In my Sandbox project, I clicked the data button (top right labeled 10 01), then I clicked Load, which offers a UI for me to drag and drop my csv data file. This is the same bankloan data file used in my last blog. Go and get it so you too can have this IBM Data Science Experience.
In your project, go to the Assets view and then press ‘New Flow’ on the right side of the ‘SPSS Modeler flows’ section. Here’s how I filled in the ‘Create’ page:
Name: Predictive Model for Bank Loan Default
Description: Machine learn how to predict bank loan default based on predictor variables such as income, debt level, credit debt, etc.
Runtime: IBM SPSS Modeler
Once you hit ‘Create’ then you get a blank SPSS canvas to start building your flow. Drag and drop the bank loan data file onto the left side of the canvas (this reads a file from Object Storage, but you could alternatively do a database select in this first step).
Now we’re going to select the fields we want to use and filter out unwanted columns. Drag and Drop the ‘Type’ node from the ‘Field Operations’ palette and then click and drag the output connector from the bankloan data node to the input connector of the Type node. Now right-click the Type node, choose Open and then press the Add Columns button and make sure all the fields’ checkboxes are checked so we can add all the fields. Then, hit the left arrow to go back to the Type node configuration.
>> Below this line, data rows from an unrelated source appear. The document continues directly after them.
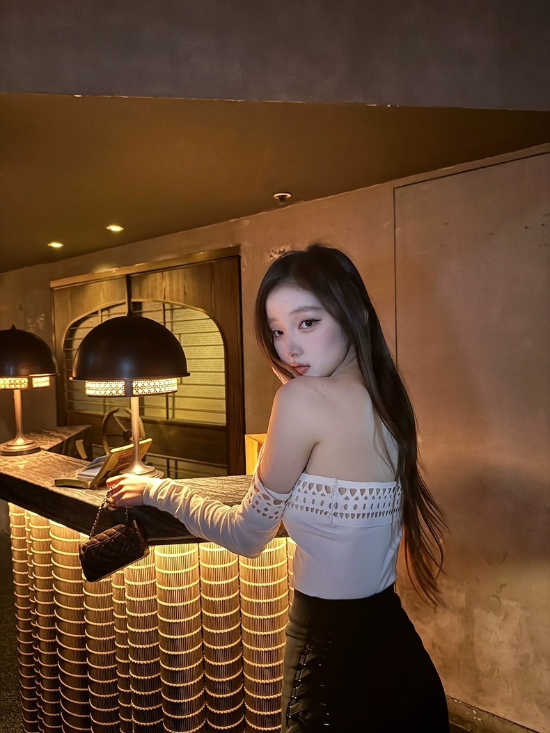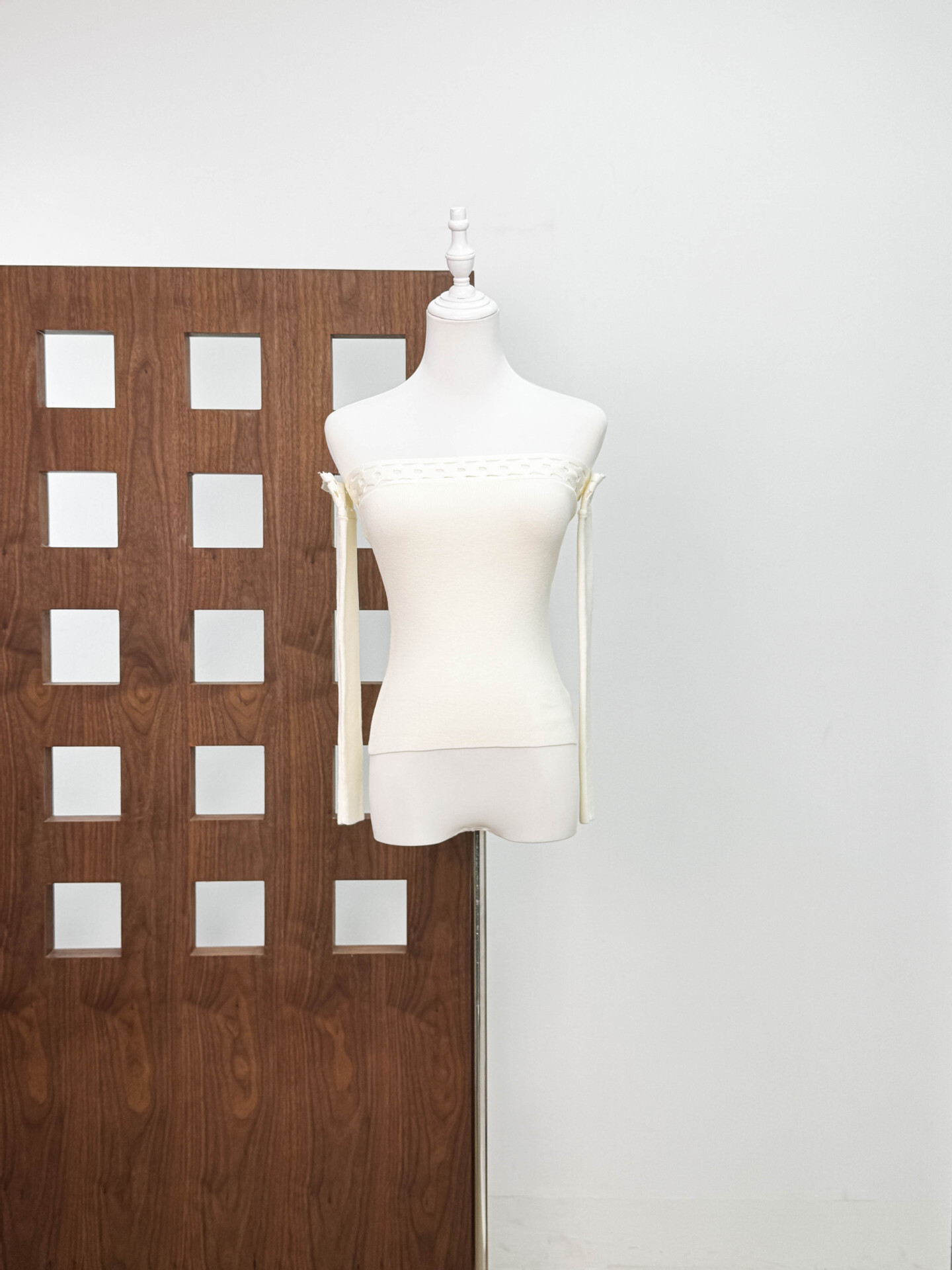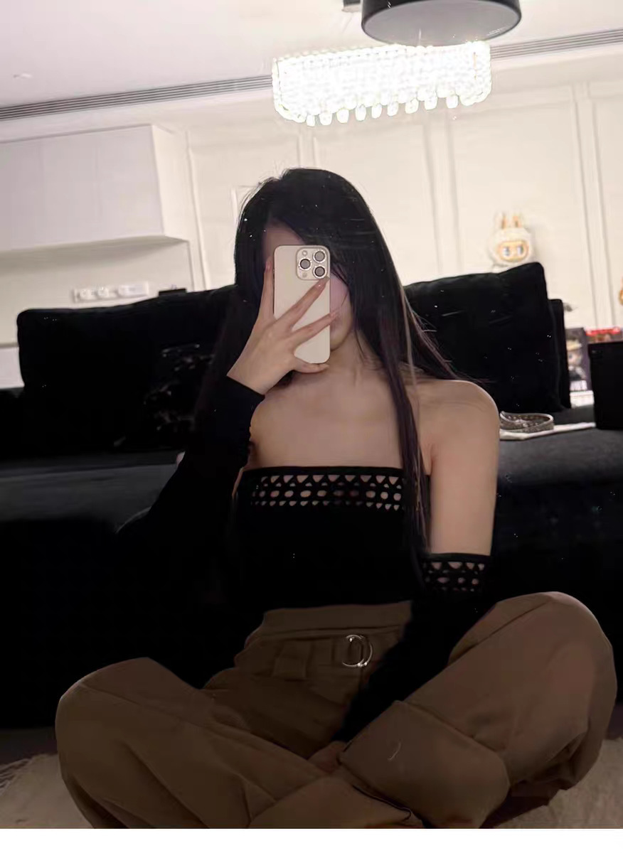 幾何簍空一字領上衣(黑/白)
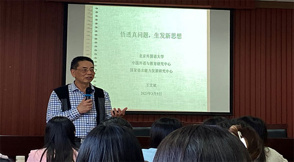 3月9日下午,北京外国语大学博士生导师、教育部高等学校英语专业教学指导分委员会副主任委员王文斌教授应邀为我院师生做了题为“悟透真问题,生发新思想”的学术报告,人文学院外语教师、研究生和部分本科生参加。报告会由人文社会科学学院院长芮燕萍教授主持。
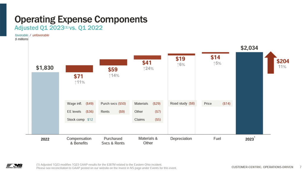 • “Inflationary costs remain elevated in the system and are expected to persist through 2023, pressuring FY OR. Management reiterated a commitment to preserve resourcing levels to optimize reliability, commenting that headcount will continue to increase sequentially throughout the year irrespective of the volume scenario. Purchased services and materials expenses recorded double-digit increases in the first quarter and should remain elevated in the second quarter due to the service problems created by the Ohio incident. Lastly, as we noted for the other U.S. railroads, fuel will be a headwind going forward. We worsen our out quarter OR assumptions to reflect these pressures.”
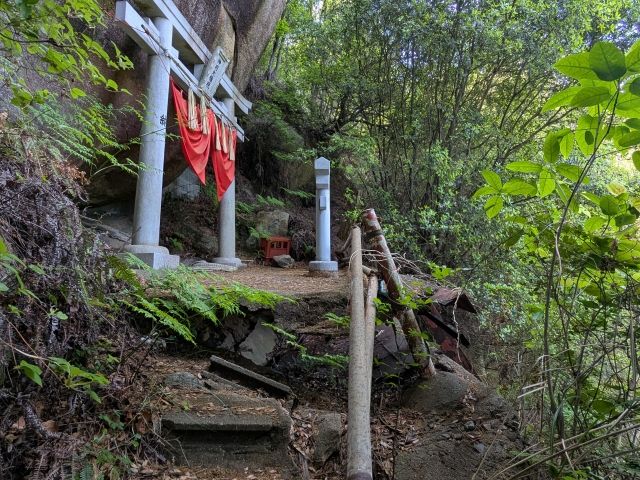 神明大権現に到着。鳥居の先では、大きな岩が祀られていました。
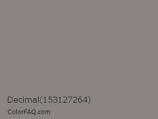 Decimal 153127264 Color is a normal orange color and the nearest color is Natural Gray #8b8680. Hex code #8c8480 and RGB value is rgb(140,132,128). In RGB color space, this color is composed of 55% red, 52% green, 50% blue, In CMYK color space, this color is composed of 0% cyan, 6% magenta, 9% yellow , 45% black , In HSL color space, this color has a hue angle of 20° , 5% saturation and 53% lightness.
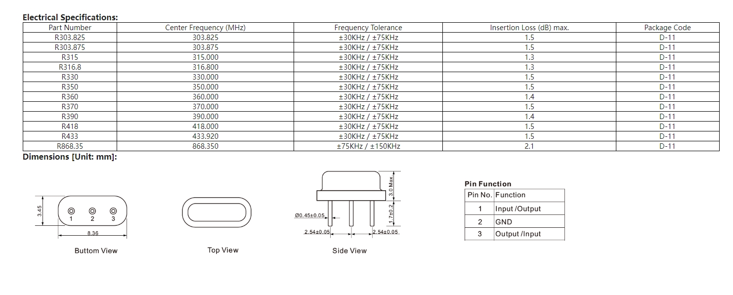 2. DIP金属外壳封装尺寸为0.36×3.45×3.0mm
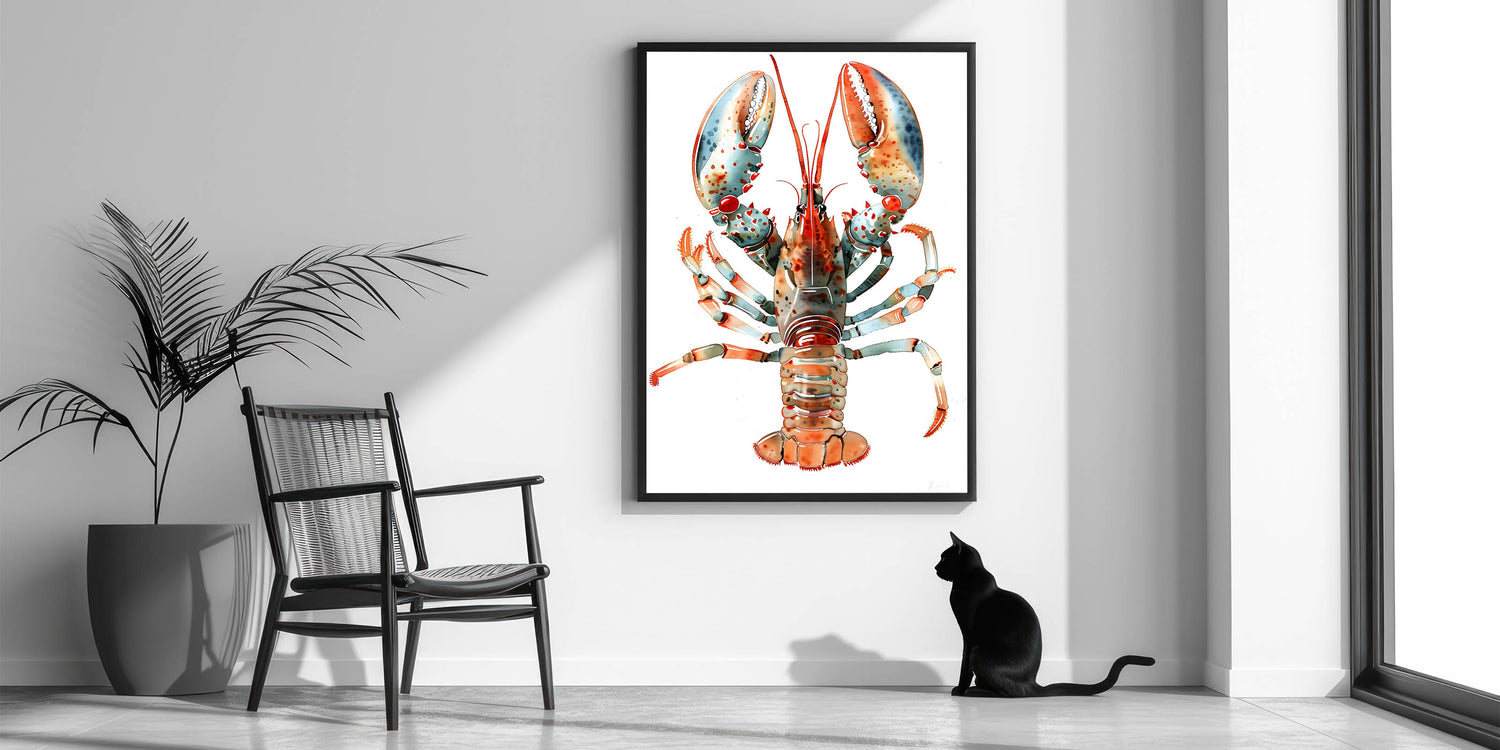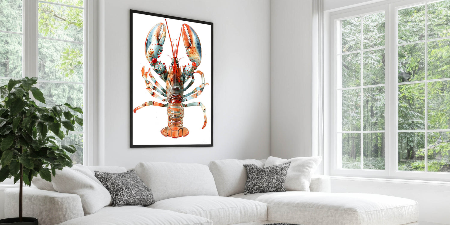 Bring a modern coastal vibe to your home with this elegant lobster artwork. Whether you're decorating a beach house or adding a touch of the ocean to your city apartment, this piece will enhance your decor with its fresh and contemporary appeal. Available in various print and frame options to suit your style.
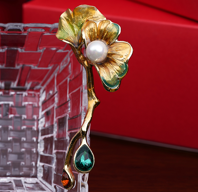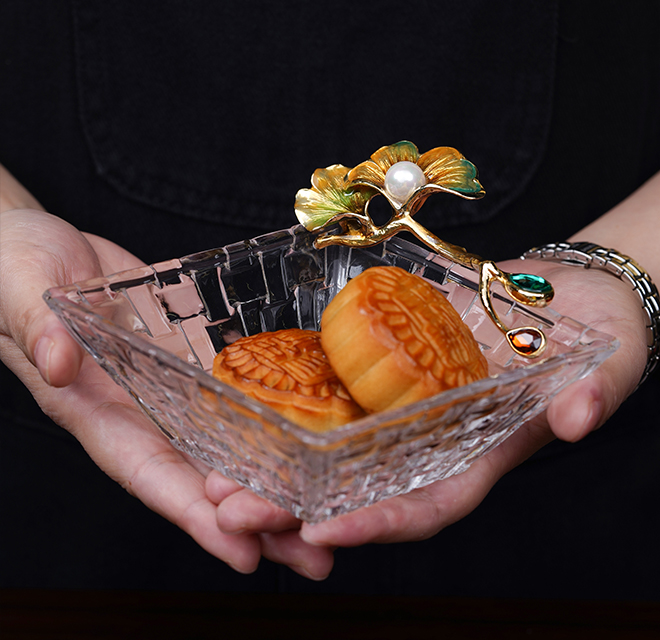 當琺瑯彩的工藝邂逅銀杏葉,令作品洋溢著色彩的奢華與優雅感,是自然元素與匠心工藝的現代表達。一顆碩大璀璨的橙色水鉆鑲嵌于銀杏葉中央,高貴而靈動。“幸福有禮”中秋禮盒顏值與內涵兼具,集藝術性、裝飾性與功能性為一體,是中秋送禮或珍藏自用的心動禮盒。
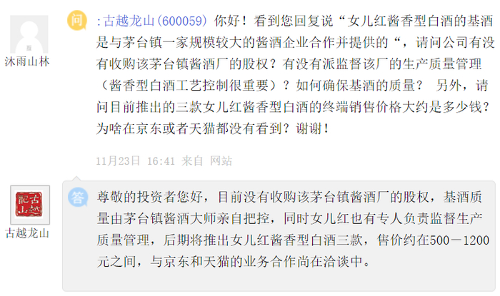 11月26日, 古越龙山 在互动平台表示,目前没有收购该茅台镇酱酒厂的股权,基酒质量由茅台镇酱酒大师亲自把控,同时女儿红也有专人负责监督生产质量管理,后期将推出女儿红酱香型白酒三款,售价约在500-1200元之间。
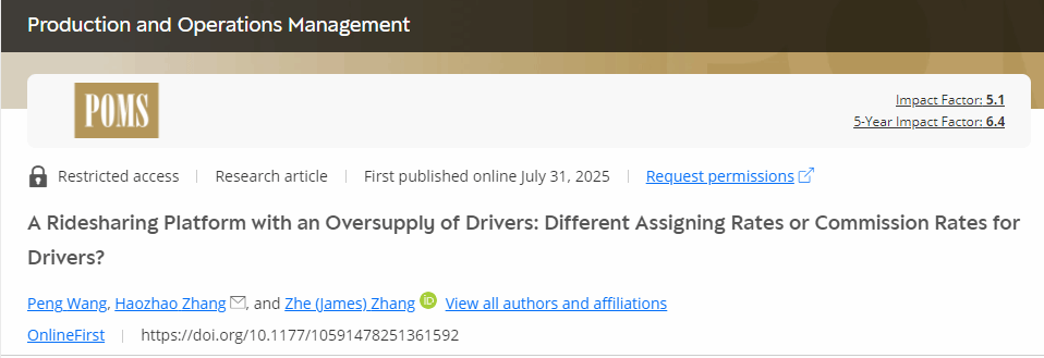 副教授王鹏与合作者的研究成果“A ridesharing platform with an oversupply of drivers: Different assigning rates or commission rates for drivers?”,王鹏为论文第一作者。《Production and Operations Management》是国际生产与运作管理协会会刊,为生产与运作管理领域顶级期刊,是美国University of Texas at Dallas选出的商学院最顶尖24种学术期刊(简称UTD-24)之一。
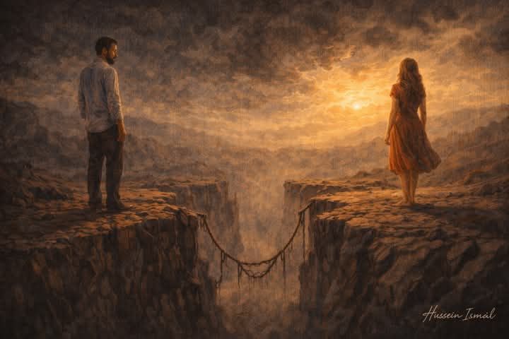 بدأت المسافة تتسلل بينهما، مسافة لا تُقاس بعدد المكالمات أو اللقاءات، بل بإحساس خفي بأن دوره يتآكل. كان يقدّم لها المساعدة حتى حين لا تطلبها، يعرض الحلول لمشاكل حلتها بالفعل، ويتدخل حيث لم يعد تدخله ضروريًا، لا بدافع السيطرة، بل بدافع الخوف من أن يصبح زائدًا عن الحاجة
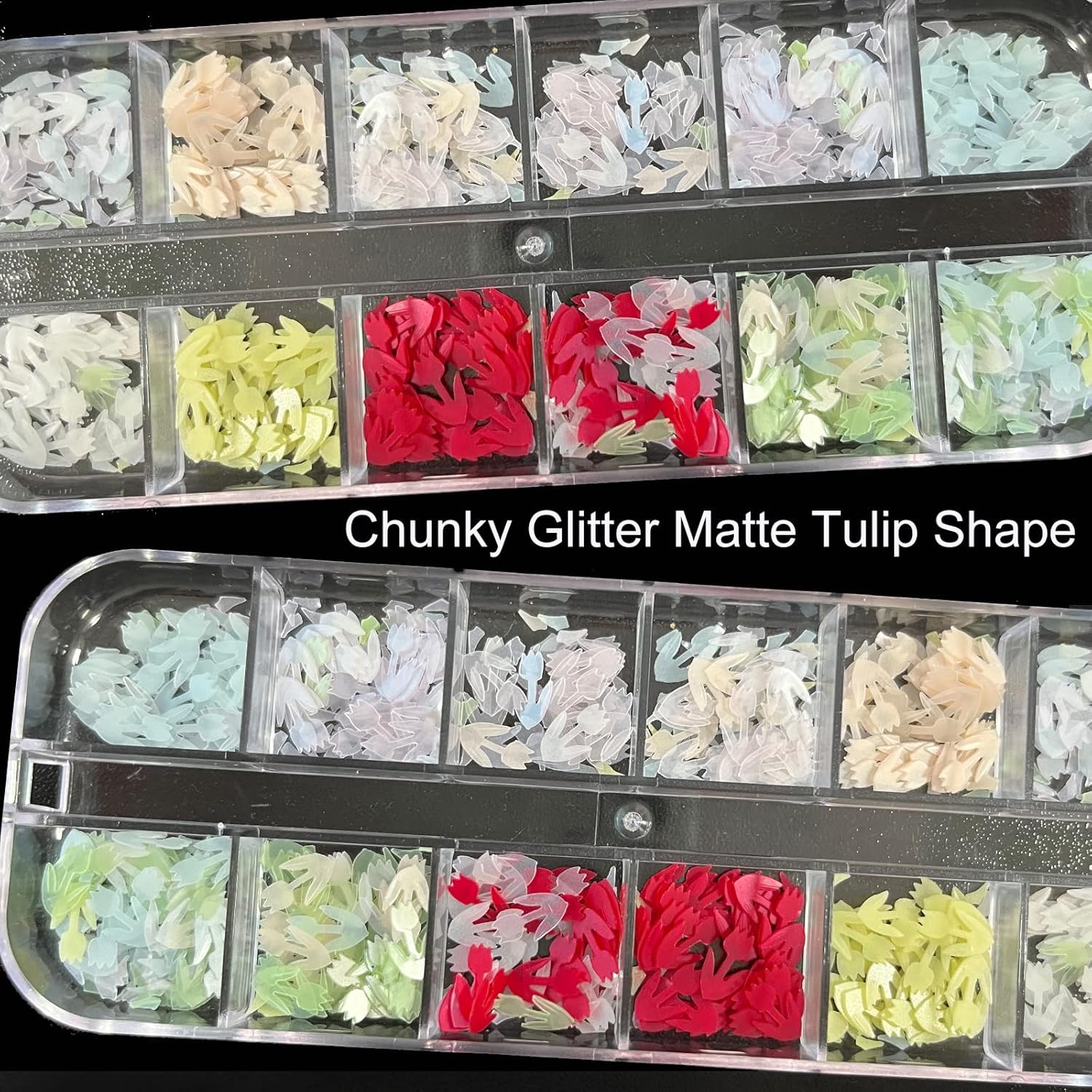 • Pretty colors and shapes, 1 box of 12 colors iridescent fluorescent hexagon nail glitter, 1 box of bright colors mixed shape star, heart nail sequins, 1 box of thin flower nail glitter flakes, 1 box of colorful flower heart butterfly rabbit chunky glitter
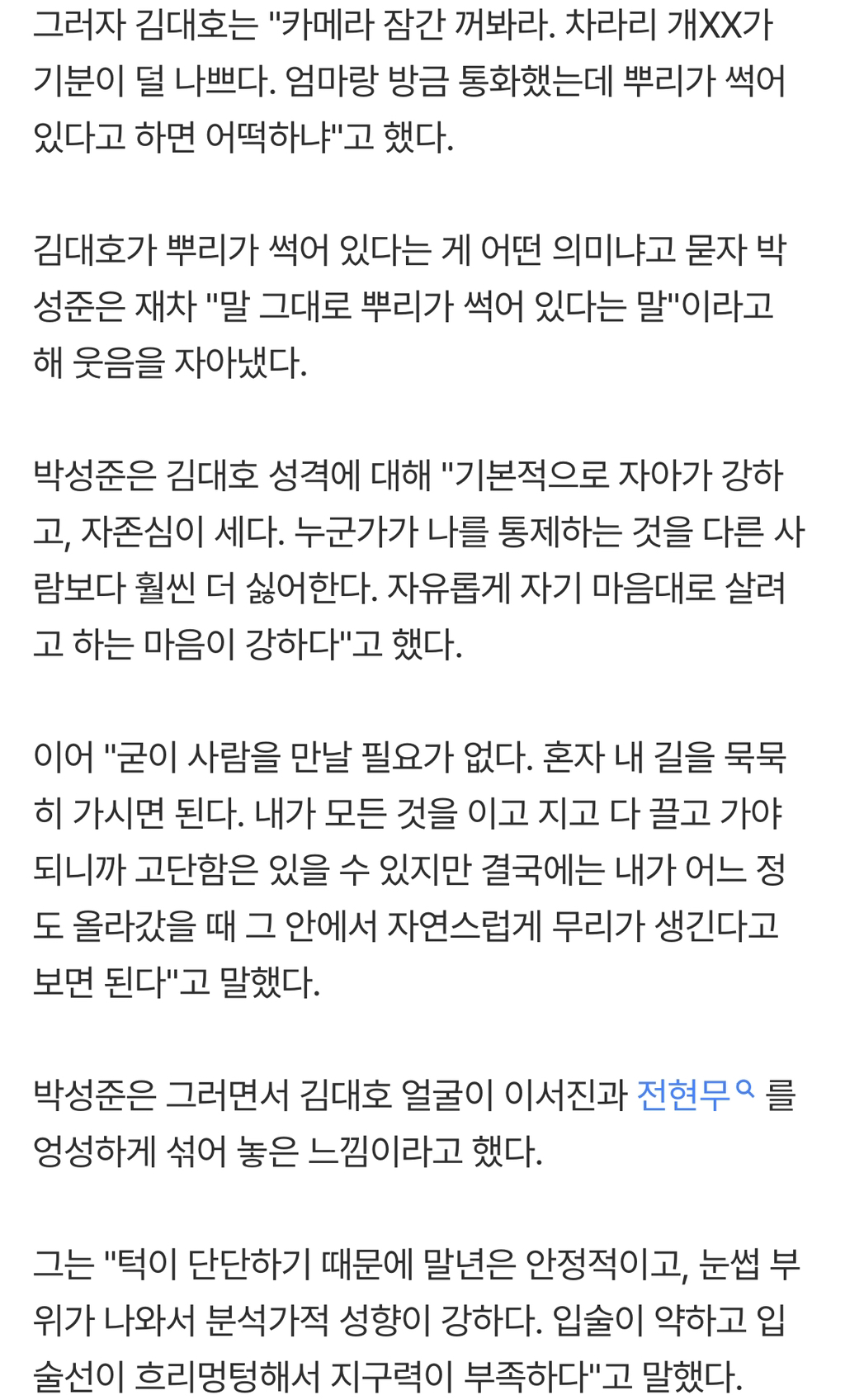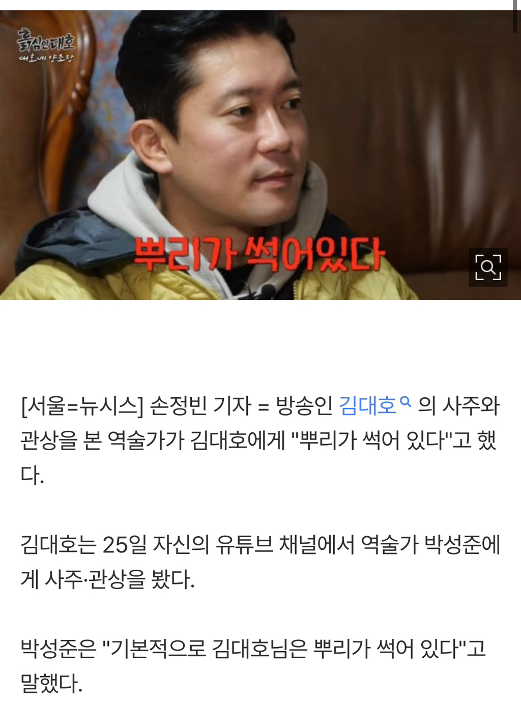 [여시뉴스데스크]김대호 사주·관상 본 역술가 "말 그대로 뿌리가 썩었다" 작성자니나니노니고질라야|작성시간25.12.27|조회수26,689 목록 댓글 40 글자크기 작게가 글자크기 크게가 출처: https://m.entertain.naver.com/home/article/003/0013677597김대호 사주·관상 본 역술가 "말 그대로 뿌리가 썩었다"여기를 눌러 링크를 확인하세요m.entertain.naver.com 다음검색 현재 게시글 추가 기능 열기 북마크 공유하기 신고 센터로 신고 댓글 댓글 40 댓글쓰기 답글쓰기 댓글 리스트 작성자bitter melon | 작성시간 25.12.27 앜ㅋㅋㅋㅋㅋㅋㅋ 면전에서 대놓고 악플 작성자영앤리치리치엥 | 작성시간 25.12.27 이 분 근데 졸라 용해 작성자신비아파트고스트볼x | 작성시간 25.12.27 나혼산만 봐도 주변인 배려를 모르던데..ㄹㅇ 지 기분만 중요한거같음 작성자탬버린해피버스 | 작성시간 25.12.27 아하 늪지대에 둥둥떠있는 나무구만 ,,ㅎ ㅎ...ㅎㅎ 작성자텀블러사면물많이마시려나 | 작성시간 26.01.11 회사어케오래다녁노 댓글 전체보기

Now, we only want the fields for age, education level, years of employment, years at current address, income, debt to income ratio, credit debt, other debt, and bank loan default field. So, for each of the preddef fields, change the Role from Input to None. Now go to the ‘ default’ field and change its Role from Input to Target because this is the dependent variable that we want to machine learn how to predict. Hit OK to finish setting up the Type node.
Now we’re going to filter out unwanted records in the data. In this case, there are some records that have no value for the default field, so we will filter them out because we can’t use them for machine learning how to predict the default field. Drag and Drop the Select node from Record Operations palette and connect it to the Type node. Right-click and Open the node. You can use an “Include” mode with a condition of default=”0” or default=”1”, or you could use an “Exclude” mode with a condition of @NULL(default).
You can right-click and choose Preview on the Select node to see the results of the flow up to now. That’s how I found that I needed quotes around the 0 and 1 in the condition.
Now that we’ve done some basic data preparation, it’s time to configure the machine learning.
Drag and drop a Partition node from the Field Operations palette, and connect the Select node output to the Partition node input. Right click to open it so we can set the training and testing sizes. To match the TensorFlow sample in my previous blog, use 70 percent for training and 30 percent for testing.
Once you hit OK on that, it’s time to drag and drop a Neural Net node from the Modeling palette and connect its input with the output of the Partition node. The UI knows to use the ‘default’ field as the predictive target, and the other fields are inputs, except the ones we marked with a role of None. Now just hit OK.
Now we’re ready to do some machine learning. Right-click the ‘default’ Neural Net node and select “Run” from the menu. This generates a training results node. Here’s what the final flow looks like:
|And now, you can right click the yellow ‘default’ training node to see the results of training the neural net. Select the View Model menu item. You can see the accuracy values in the Model Evaluation tab. The Predictor Importance tab gives you a graph of which predictor variables were most important to affecting the prediction. And last but not least, the Network Diagram shows you something like this:|
In conclusion, both the TensorFlow library and this SPSS model got the same accuracy, just north of 80% on this data. The difference was that with SPSS I had a drag and drop canvas where I could just configure the data preparation, the model, and the training and testing, so it took a lot less time to go from data to trained machine learning model.